Sorry, I posted this in the auto to manual swap that's stickied but i need a response soon.

I'm finishing up this swap, and right now Ive ran into a snag. I have a good starter with a good solenoid with a good ignition switch. I can get the starter to turn over by shorting the two terminals on the back of the solenoid but it cant be stopped by the ignition key, only by removing the ground from the battery.

The starter will do nothing when turning the key, so the only thing i can think of is a Park/neutral switch or a clutch switch.

When i put the clutch pedal in i could only find one plug wrapped in the harness behind the fuse panel, its the right plug for the pedal but there are two plugs on the pedal. is there another plug for it back there? and can this cause nothing to happen when trying to start it?

Also on the far driver side of the manual transmisson there is a two prong plug what is this for? reverse light? should i get the wiring harness for it?


----------



## 19sentra88 (Oct 24, 2009)

just ground it out and bypass the pedal entirely. =).


----------



## xPotenze (Jul 6, 2009)

19sentra88 said:


> just ground it out and bypass the pedal entirely. =).
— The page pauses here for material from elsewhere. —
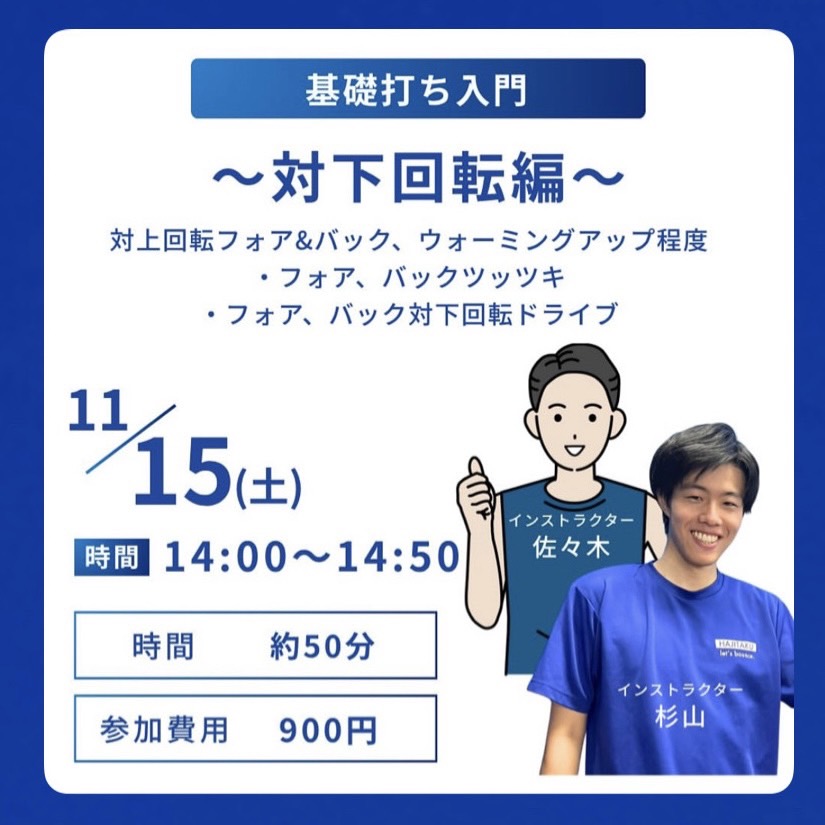 11月15日(土)開催予定❗️『基礎打ち入門〜対下回転編〜』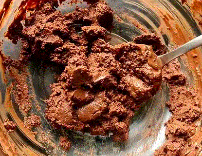 Sift together the flour, baking powder and cacao. Mix 1/3 of the flour mix into the butter chocolate mix. Stirring well to combine. Continue until all flour is combined

Ive tried it and it seems that its not a clutch pedal even though i cant find the other switch. So it seems there's a neutral/park switch. i have looked in my Haynes manual and i am unable to figure out where it is by there diagram.


----------



## 19sentra88 (Oct 24, 2009)

sounds like you need a fuse-block diagram


----------



## xPotenze (Jul 6, 2009)

Fixed it! it was nothing that i thought it might be. I neglected to plug in the Black/pink - Black/yellow wire that plugs into the spade on the solenoid (thought it was a ground)


----------